Au sommaire
Le licenciement pour insuffisance professionnelle est un licenciement pour motif personnel, non disciplinaire, justifié par l’insuffisance d’un salarié dans l’accomplissement de la prestation de travail pour laquelle il a été embauché
La direction des ressources humaines ou l’employeur qui souhaite se séparer d’un collaborateur ne dispose pas d’une infinité de solutions.
Il peut emprunter la voie :
• D’une rupture amiable ce qui suppose alors l’accord du collaborateur ;
• D’un licenciement pour motif économique à condition qu’il puisse justifier d’un motif économique ;
• D’un licenciement pour motif personnel.
Dans cette dernière hypothèse, la rupture du contrat de travail prendra la forme soit d’unlicenciement pour motif disciplinaire soit d’un licenciement non fautif.

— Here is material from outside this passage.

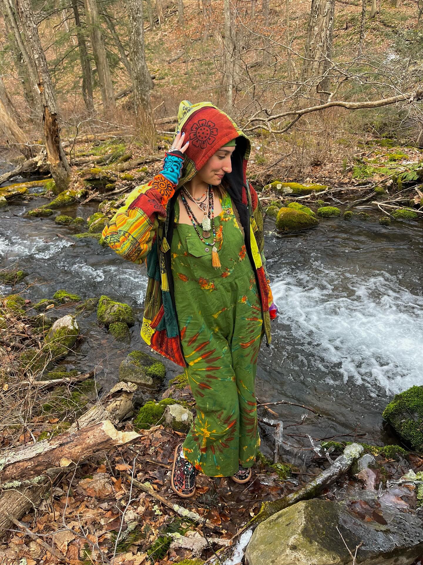 Experience the unique blend of handmade craftsmanship and comfort with our Funky Tie Dye Jumpsuit. Made with soft cotton and featuring a wide leg and bell bottom design, this unisex jumpsuit is perfect for any body type, including plus sizes. Channel your inner 90s fashionista with the fun and funky colors, perfect for achieving that hippie, boho, or bohemian look.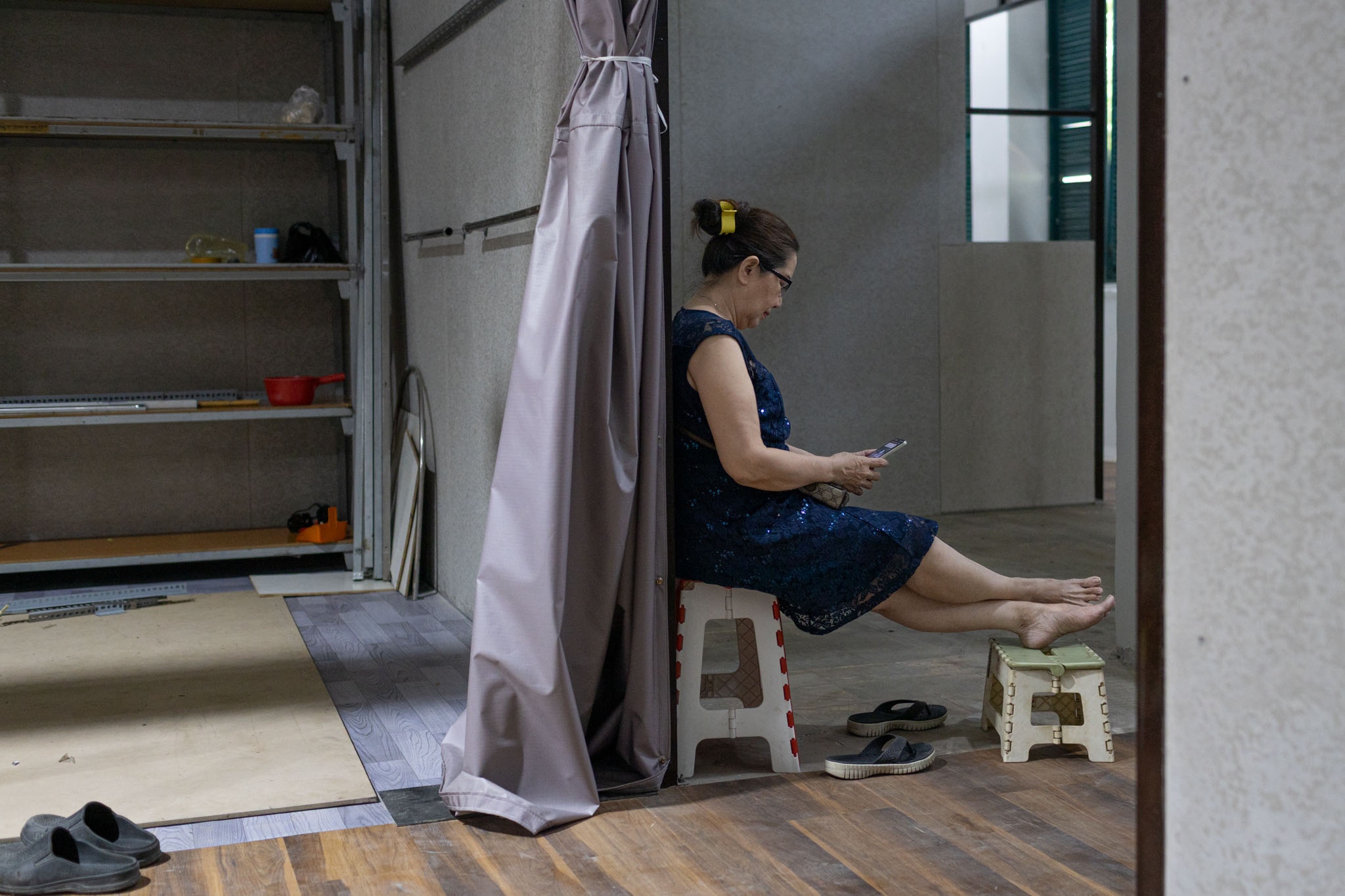Bà Ngọc Minh (60 tuổi) là tiểu thương từ chợ Nga ở khu vực đường Võ Văn Kiệt chuyển về đây. Bà Ngọc Minh thuê mặt bằng trên tầng một với giá 19 triệu/ tháng để bán quần áo. Hiện, bà đang chỉnh trang gian hàng và lắp đặt tủ các quần áo, chờ ngày mở bán.

Si le salarié en question n’exécute pas correctement sa prestation de travail sans pour autant avoir un comportement fautif il peut faire l’objet d’un licenciement pour insuffisance professionnelle.
I. Les conditions du licenciement pour insuffisance professionnelle
Plusieurs conditions sont exigées pour qu’un licenciement pour insuffisance professionnelle soit fondé :
1. L’insuffisance reprochée doit concerner la qualification ou les fonctions du salarié
Un licenciement pour insuffisance professionnelle n’est envisageable que si les faits reprochés au salarié relèvent bien de sa qualification.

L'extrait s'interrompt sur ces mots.